The associations in this study between CRP and some risk factors (high BMI, low SES, medication use, less than optimum health) are consistent with the literature linking higher CRP with lower socioeconomic status and its attendant risks (Miller et al., 2009). On the other hand we found no association with most psychiatric disorders, unlike earlier studies. This may be because earlier studies often used clinical samples, or because they did not include relevant covariates. A previous paper (Copeland et al., 2012a) from this study linked higher CRP with repeated episodes of depression, rather than with any particular episode, but we lacked power to test whether repeated depression mediated the effect of drug use or addiction on CRP.

Predicting from diagnosis to CRP only one finding was significant: that from nicotine use to higher levels of CRP at the next assessment, controlling for past CRP level. In predictions from diagnosis to CRP, age was a significant covariate but race and BMI were not. A history of psychiatric comorbidity was significant, but this was not specific to any particular disorders.

Further work is needed to explore the reasons why nicotine was the only substance among those tested to show cross-sectional, predictive, and consequent relationships to high CRP. A limitation of the analyses is that the data for nicotine use and dependence is presented without distinguishing between effects of smoking cigarettes and ingesting nicotine (Hastie et al., 2008). Space in this paper is insufficient to explore the different associations of CRP with smoking and non-smoking tobacco use (snuff and chewing tobacco), which we will pursue in more detail elsewhere. Despite a growing literature linking smoking and CRP (Villegas et al., 2012; Yanbaeva et al., 2007) work on the biological mechanism is ongoing (Lee et al., 2012; Mao et al., 2012; Rose et al., 2010).The closer association of CRP to nicotine than to alcohol and cannabis may have something to do with the youth of the sample: we will be able to test this in later study waves.

These analyses suggest that the rather confused literature concerning a causal relationship between inflammatory processes and drug use may be responding to the fact that drug use is closely associated with a range of inflammation-related health risks, including obesity; indeed, some (Volkow et al., 2008) have argued that food and drug addiction result from similar mechanisms; i.e., by increasing dopamine in limbic regions.

The Great Smoky Mountains Study sample has several limitations.
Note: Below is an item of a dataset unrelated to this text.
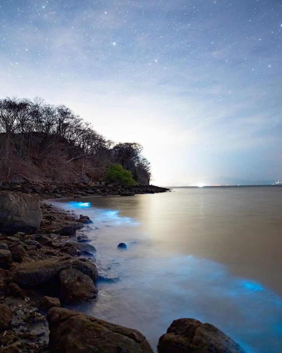 Vive el mágico espectáculo de la Playa Luminosa , donde millones de dinoflagelados iluminan las olas con su brillo azul neón. Nuestros guías expertos te explicarán este fenómeno causado por el Noctiluca scintillans , un organismo que brilla al detectar movimiento en el agua.

It is not representative of the U.S. population (African Americans and Latinos are underrepresented). Nor does it include sufficient numbers of individuals addicted to opiates (Reece, 2012a), methamphetamine, or other illicit drugs to test for association with CRP in this age group.

The time between any two assessments was never less than a year, yet both CRP levels and substance symptoms vary over shorter periods. For example, levels of CRP begin to rise within hours following acute infection and peak within 48 hours. In looking at the bi-directional associations it is important to keep in mind that the pathways evident over longer periods of time (> 1 year) may differ from those over shorter periods (1 month or 1 hour).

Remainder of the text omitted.